Run what you brung. If it works for you, that's the right gear. I see guys running 53 x 16 around here, but I can't possiby imagine how. I guess some people don't believe in spinning! I do, so I run either a 69 or a 72 gear inch. Both work fine for most of my applications. So don't worry about what anyone else is doing; you'll know the right gear when you find it.


----------



## FTM (Feb 4, 2005)

MN Dan said:


> Man guys, I must be a wuss!


Only if you're not having fun. Ride what puts a smile on your face and doesn't kill your legs.


----------



## Chase15.5 (Feb 17, 2005)

I use a 44x16 for northern VA riding. I find for me it's the best compromise of climbing, decending, and flats. When I first started riding fixte, I rode a 44x18 around here to get my legs accustomed to the climbing. It was a pain on the downhills to, because, it would spin so quickly.


----------



## ari (Jan 25, 2005)

cmatcan said:


> you guys are weak, check this out, from pez:


I think I remember reading (somewhere) that this guy used that gearing to set a motorpacing speed record ... somewhere north of 100 mph, if I recall correctly.

Cheers,
Ari


----------



## ErNestO_from_Wisconsin (Feb 14, 2004)

*living...*

Very hilly living where I do. My commute to work is 17 hilly miles, and there's 2 hills thatreally put hair on my chest...but some times, my legs and hips would hurt.

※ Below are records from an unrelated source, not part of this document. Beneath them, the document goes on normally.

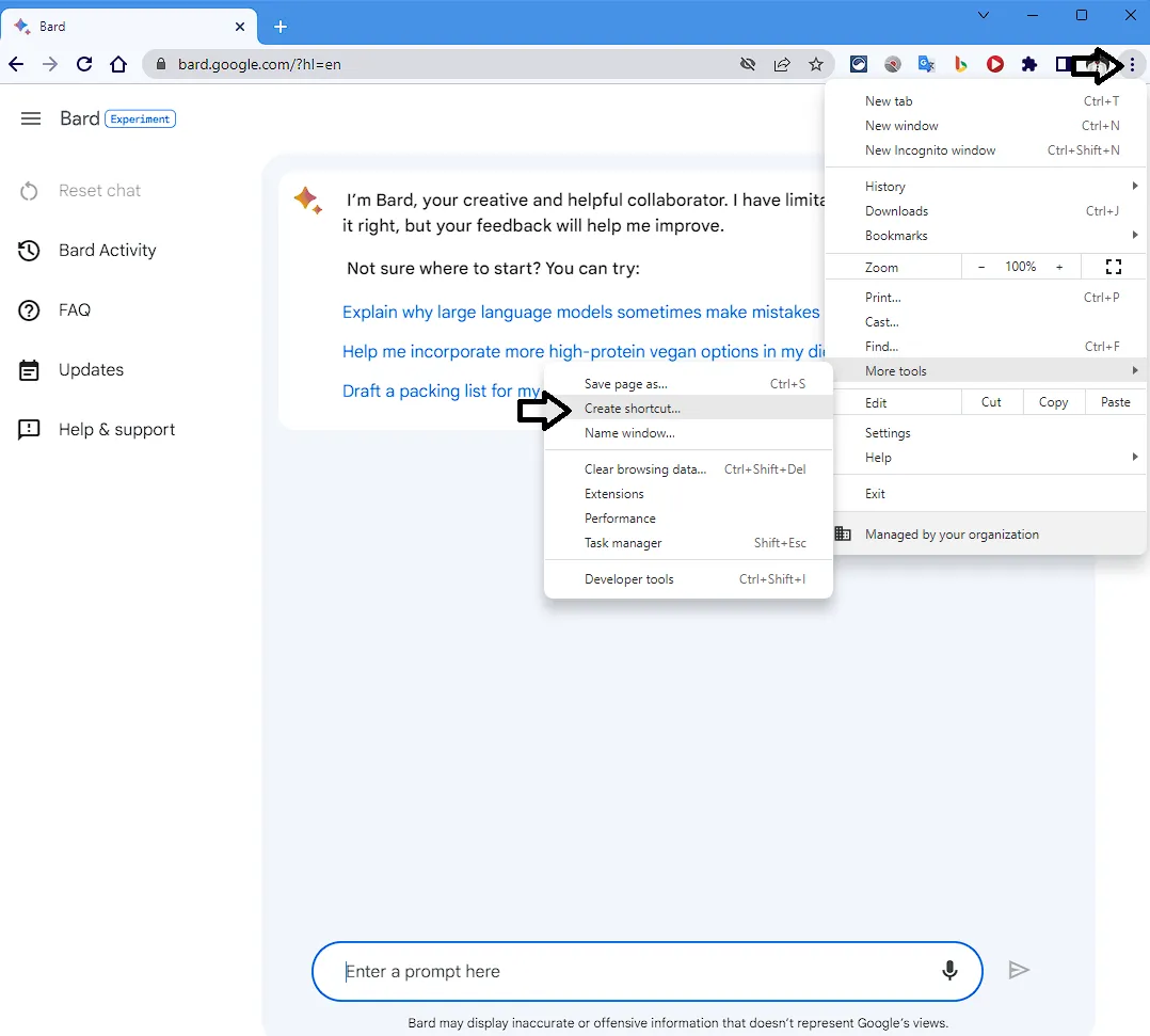 Follow these instructions to install Google Bard as an app on Windows 11:
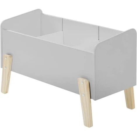 Le coffre à jouets est fabriqué en MDF laqué gris en combinaison avec des pieds en pin massif et possède des bords arrondis. Avec son style scandinave, ce joli coffre apportera style et fonctionnalité à la chambre de votre enfant.
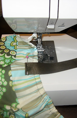 Now, thread your elastic through each end and sew each end of the elastic securely to the opening of each end of the casing. Keep in mind, the larger piece of elastic is for the top of your holder (so you can shove many bags in) and the smaller piece of elastic is for the bottom (so that you only pull one bag out at a time).
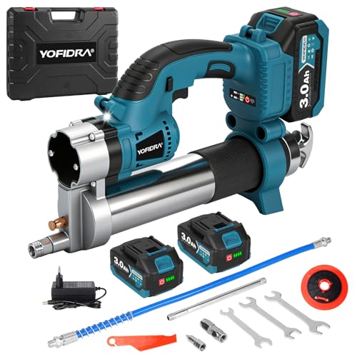 Yofidra 500W Sladdlös Fettspruta, 10000 PSI Elektrisk Fettspruta, med 2 x 3,0Ah Batterier och Laddare, 600cc Fettbehållare, 170 ml/min Flödeshastighet, Smörjverktyg för Lastbilar, Jordbruk och Industr
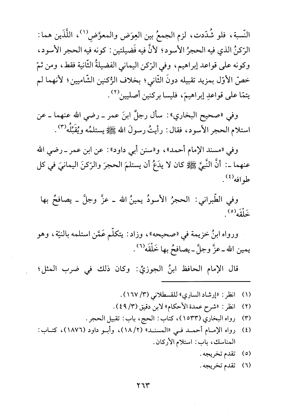 ورواه ابنُ خزيمة في "صحيحه"، وزاد: يتكلّم عَمَّن استلمه بالنيّة، وهو يمين اللَّه -عزَّ وجلَّ- يصافحُ بها خَلْقَه (٦).
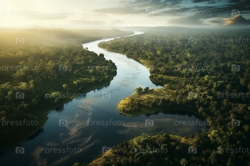 Вид с воздуха на тропический лес во время сезона половодья
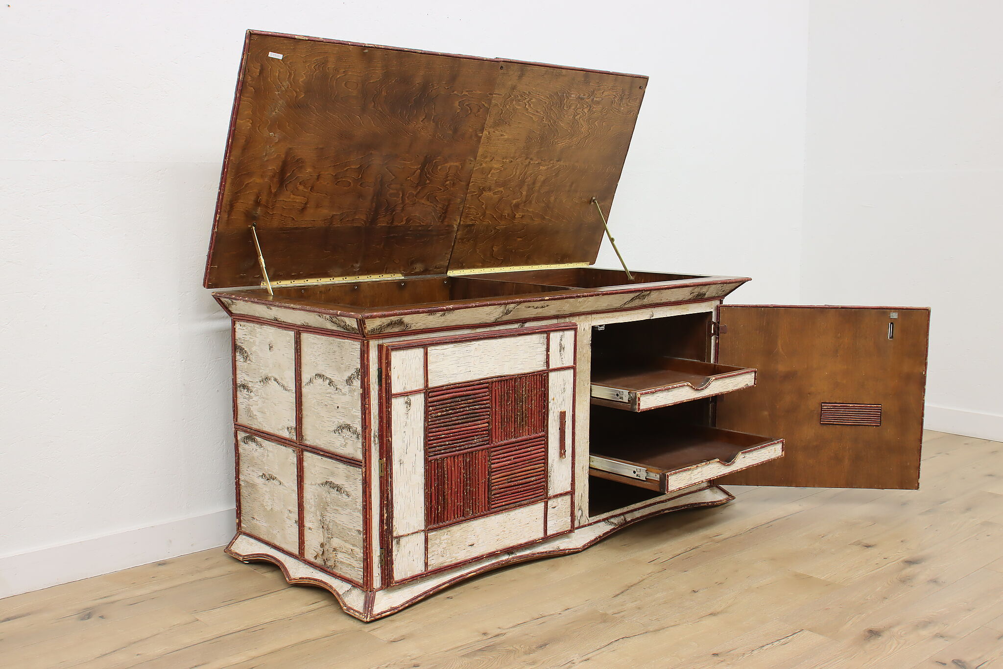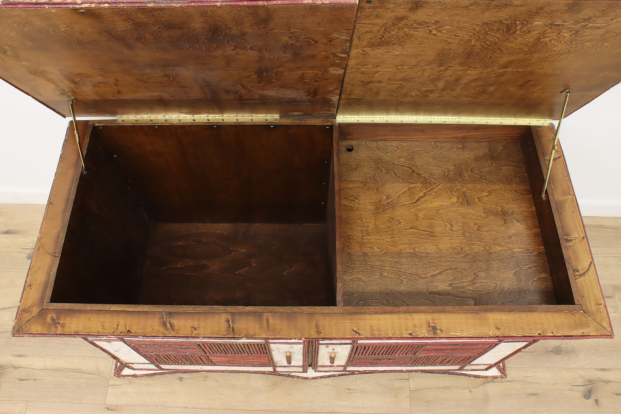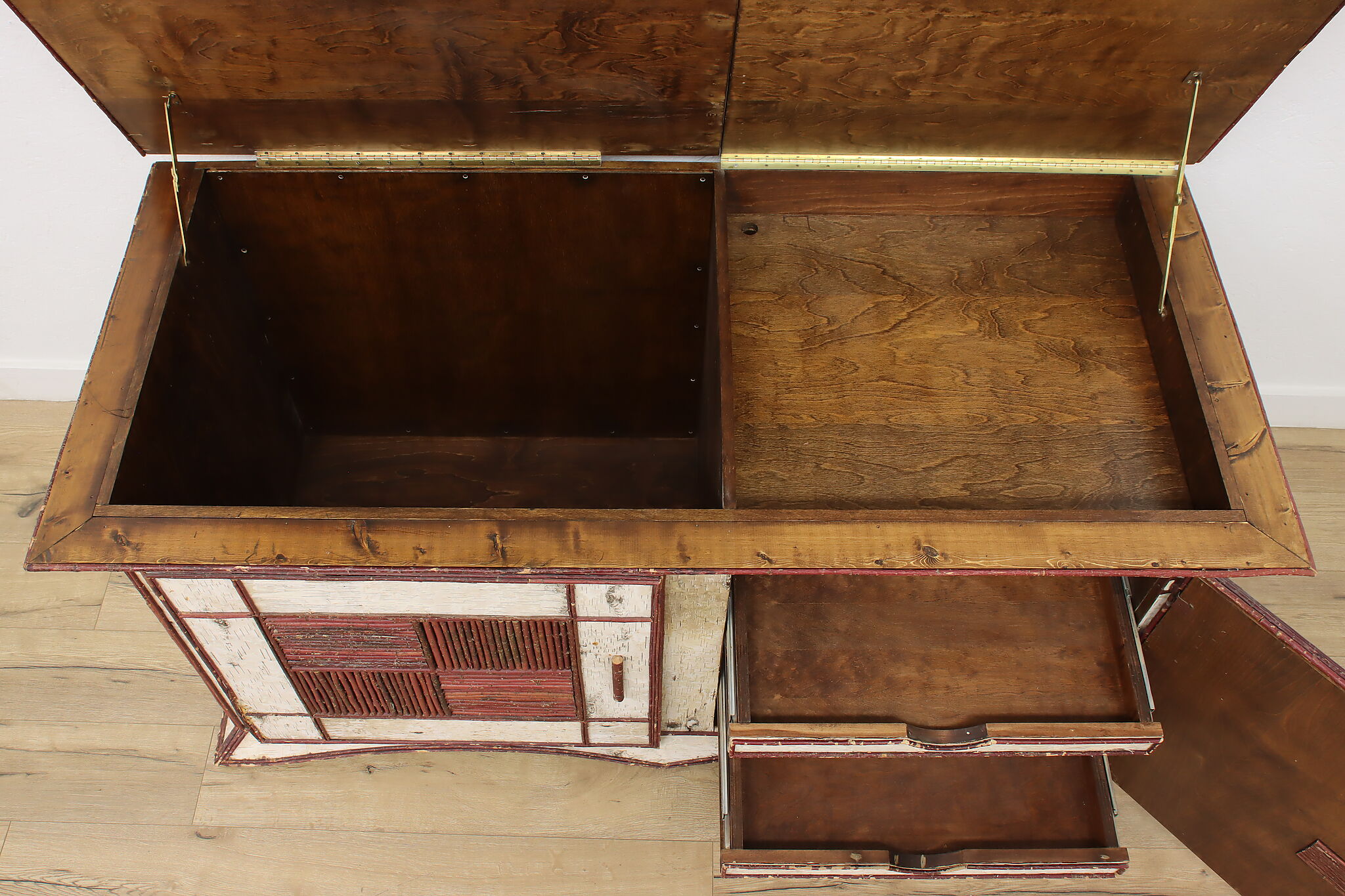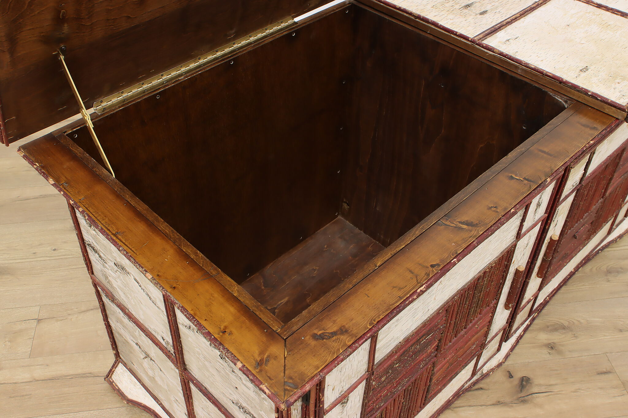 The term "adirondack" means a rustic, natural-material design often found in cabins and lodges. This storage chest or console is a fantastic example of the design and has plenty of storage space for all your needs.

The shaman himself, Matt Chester recommended to go down a notch. I was running 46/16. Now I am running 44/16 and I am spinning more, and it just feels great. My fixie rocks!

Here's some pictures...


----------



## hrv (Dec 9, 2001)

You live in Portland, right? If you haven't already, I would suggest doing the Sunday River City Bicycles 9:30 fixed gear ride. I live in Hood River, and haven't done them , but know they usually run about 63". The guy who 'runs' the ride is David Auker and from what I understand he might know about fixed as anyone you'll ever meet. Plus, he usually wins the Mt. Tabor race, fixed cat., so dude probably knows best what works climbing.

I have a Langster and actually run 2 cogs normally, 49 x 15,21. 21 for up, 15 for down. Since thw 49 x 15 is normally what I use at Alpenrose, it allows me to do downhill sprints and really get on top of the gear. Haven't wound it up to 200 rpm yet, but close!

Bottom line: No getting around having a 'quiver' of cogs. Eventually chainrings,too. If you're doing long rides with many hills I would try like a 20 cog, else maybe an 18.

Have fun!


----------



## Kram (Jan 28, 2004)

*42 X 17 here.*

Central PA rollers. Steep stuff but most climbs are no more than a mile. Gets me up most things (but gets REAL interesting going down......) 165 cranks on a 27 x 1 3/8.


----------